> [Exercise instructions]:
In this exercise, write out the data word for word and leave every image out.

(Collected data)
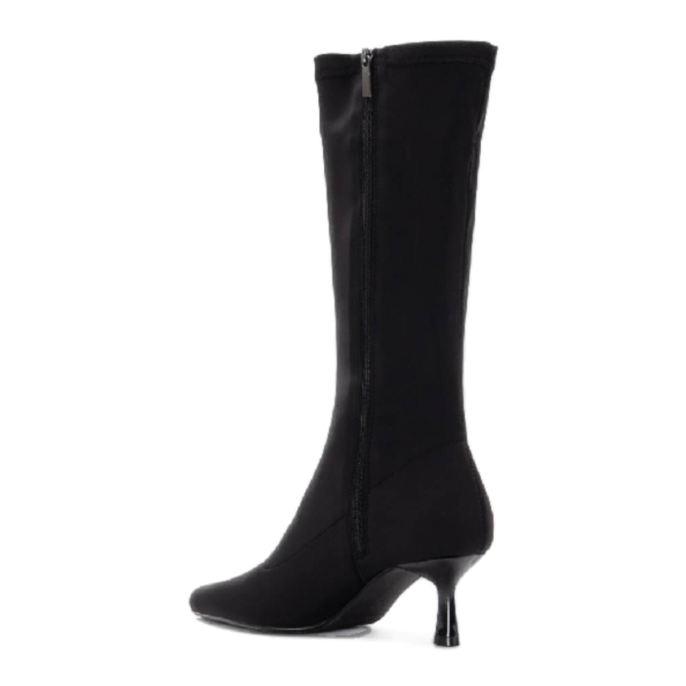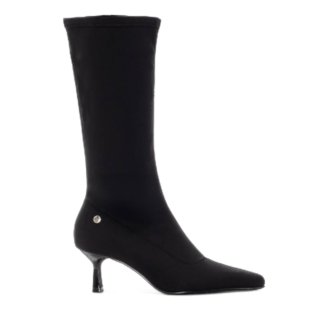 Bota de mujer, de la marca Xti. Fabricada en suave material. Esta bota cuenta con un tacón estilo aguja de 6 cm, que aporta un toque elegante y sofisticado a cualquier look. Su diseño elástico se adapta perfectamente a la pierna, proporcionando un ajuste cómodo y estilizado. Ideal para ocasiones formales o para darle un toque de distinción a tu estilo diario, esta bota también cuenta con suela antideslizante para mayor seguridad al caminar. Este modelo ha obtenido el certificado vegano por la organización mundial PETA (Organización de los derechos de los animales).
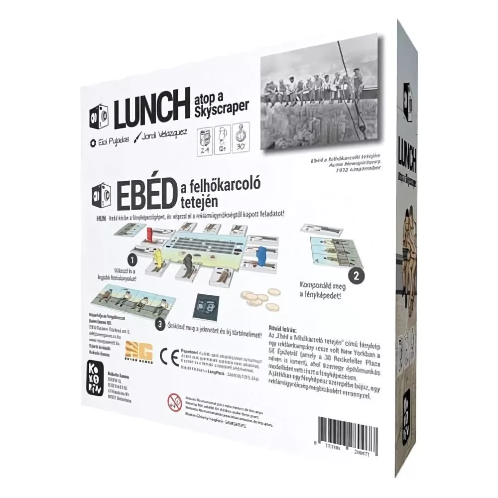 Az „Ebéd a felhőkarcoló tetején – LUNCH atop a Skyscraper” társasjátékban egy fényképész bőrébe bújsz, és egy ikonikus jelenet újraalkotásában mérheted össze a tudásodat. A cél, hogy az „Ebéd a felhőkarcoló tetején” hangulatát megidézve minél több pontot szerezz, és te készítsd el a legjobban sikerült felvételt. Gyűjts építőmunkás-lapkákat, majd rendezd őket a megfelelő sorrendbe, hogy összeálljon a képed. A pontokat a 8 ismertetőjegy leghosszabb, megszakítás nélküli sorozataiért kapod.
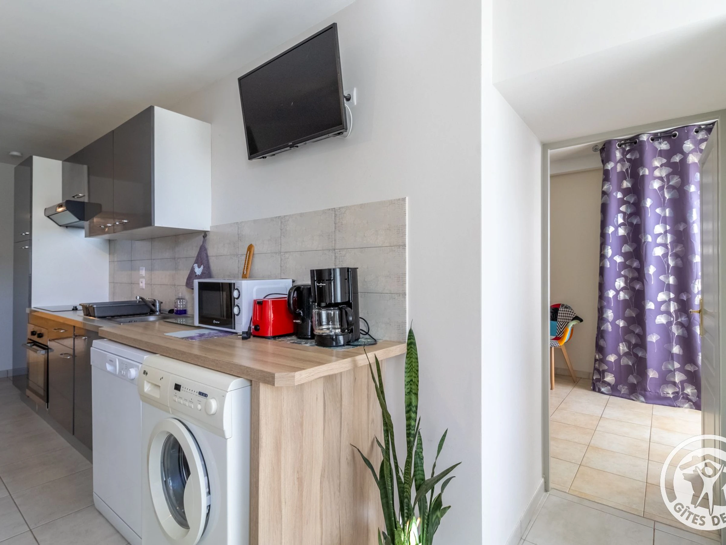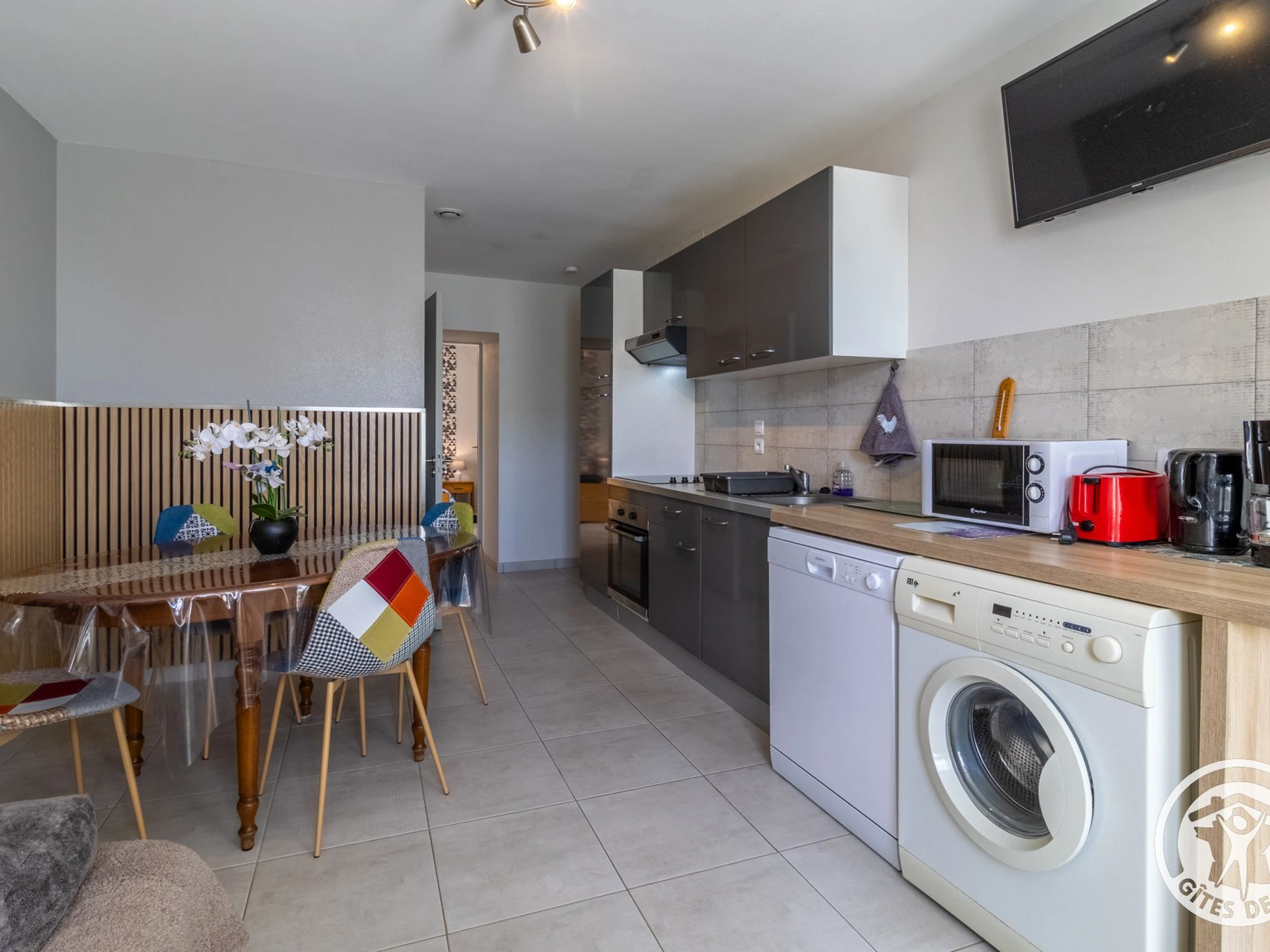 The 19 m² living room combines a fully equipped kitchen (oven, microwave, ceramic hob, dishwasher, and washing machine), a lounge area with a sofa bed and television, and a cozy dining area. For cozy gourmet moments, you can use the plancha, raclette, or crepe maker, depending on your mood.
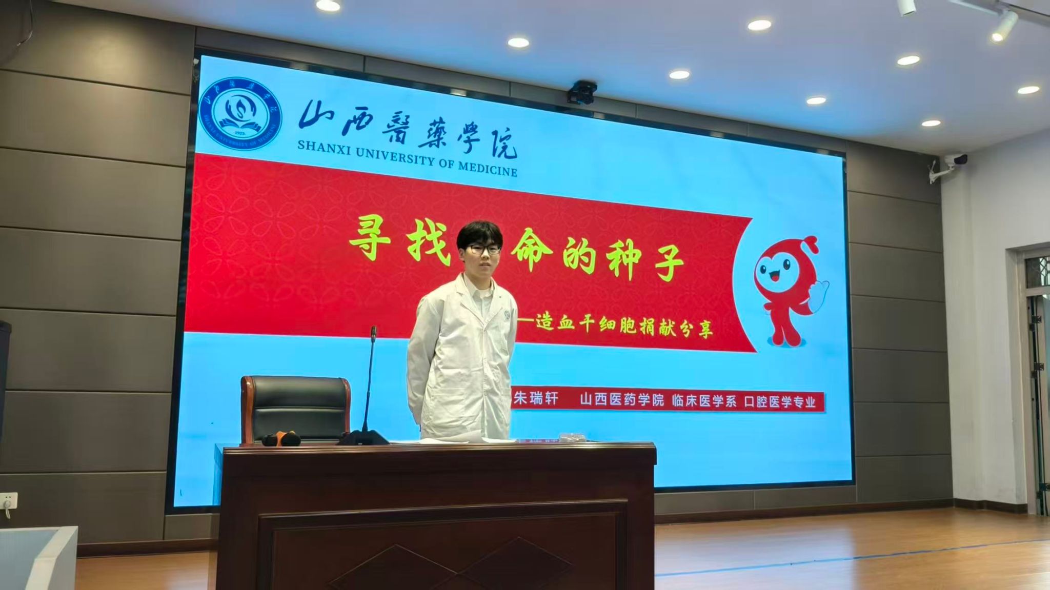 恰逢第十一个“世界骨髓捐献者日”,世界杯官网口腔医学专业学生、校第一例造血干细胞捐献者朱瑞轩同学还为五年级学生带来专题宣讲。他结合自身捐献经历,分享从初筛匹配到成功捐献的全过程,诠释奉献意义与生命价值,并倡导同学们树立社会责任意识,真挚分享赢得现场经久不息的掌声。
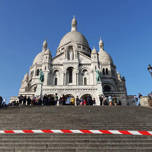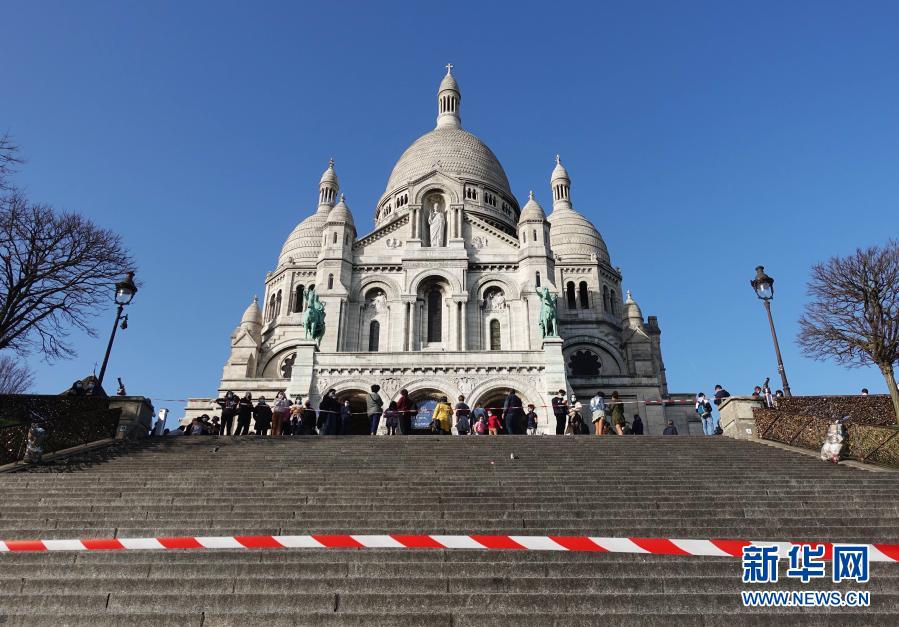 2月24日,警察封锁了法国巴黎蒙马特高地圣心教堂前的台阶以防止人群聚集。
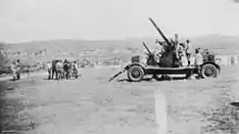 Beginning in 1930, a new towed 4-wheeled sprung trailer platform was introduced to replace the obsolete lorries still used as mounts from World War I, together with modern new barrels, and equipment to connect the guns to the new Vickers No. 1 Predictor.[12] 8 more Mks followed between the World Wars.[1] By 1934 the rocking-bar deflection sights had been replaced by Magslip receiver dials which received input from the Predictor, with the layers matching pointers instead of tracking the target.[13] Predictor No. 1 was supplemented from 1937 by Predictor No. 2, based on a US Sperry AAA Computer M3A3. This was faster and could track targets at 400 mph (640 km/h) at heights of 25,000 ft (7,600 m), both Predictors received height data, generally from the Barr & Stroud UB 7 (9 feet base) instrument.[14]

> [Final answer]:
 Bota de mujer, de la marca Xti. Fabricada en suave material. Esta bota cuenta con un tacón estilo aguja de 6 cm, que aporta un toque elegante y sofisticado a cualquier look. Su diseño elástico se adapta perfectamente a la pierna, proporcionando un ajuste cómodo y estilizado. Ideal para ocasiones formales o para darle un toque de distinción a tu estilo diario, esta bota también cuenta con suela antideslizante para mayor seguridad al caminar. Este modelo ha obtenido el certificado vegano por la organización mundial PETA (Organización de los derechos de los animales).
 Az „Ebéd a felhőkarcoló tetején – LUNCH atop a Skyscraper” társasjátékban egy fényképész bőrébe bújsz, és egy ikonikus jelenet újraalkotásában mérheted össze a tudásodat. A cél, hogy az „Ebéd a felhőkarcoló tetején” hangulatát megidézve minél több pontot szerezz, és te készítsd el a legjobban sikerült felvételt. Gyűjts építőmunkás-lapkákat, majd rendezd őket a megfelelő sorrendbe, hogy összeálljon a képed. A pontokat a 8 ismertetőjegy leghosszabb, megszakítás nélküli sorozataiért kapod.
 The 19 m² living room combines a fully equipped kitchen (oven, microwave, ceramic hob, dishwasher, and washing machine), a lounge area with a sofa bed and television, and a cozy dining area. For cozy gourmet moments, you can use the plancha, raclette, or crepe maker, depending on your mood.
 恰逢第十一个“世界骨髓捐献者日”,世界杯官网口腔医学专业学生、校第一例造血干细胞捐献者朱瑞轩同学还为五年级学生带来专题宣讲。他结合自身捐献经历,分享从初筛匹配到成功捐献的全过程,诠释奉献意义与生命价值,并倡导同学们树立社会责任意识,真挚分享赢得现场经久不息的掌声。
 2月24日,警察封锁了法国巴黎蒙马特高地圣心教堂前的台阶以防止人群聚集。
 Beginning in 1930, a new towed 4-wheeled sprung trailer platform was introduced to replace the obsolete lorries still used as mounts from World War I, together with modern new barrels, and equipment to connect the guns to the new Vickers No. 1 Predictor.[12] 8 more Mks followed between the World Wars.[1] By 1934 the rocking-bar deflection sights had been replaced by Magslip receiver dials which received input from the Predictor, with the layers matching pointers instead of tracking the target.[13] Predictor No. 1 was supplemented from 1937 by Predictor No. 2, based on a US Sperry AAA Computer M3A3. This was faster and could track targets at 400 mph (640 km/h) at heights of 25,000 ft (7,600 m), both Predictors received height data, generally from the Barr & Stroud UB 7 (9 feet base) instrument.[14]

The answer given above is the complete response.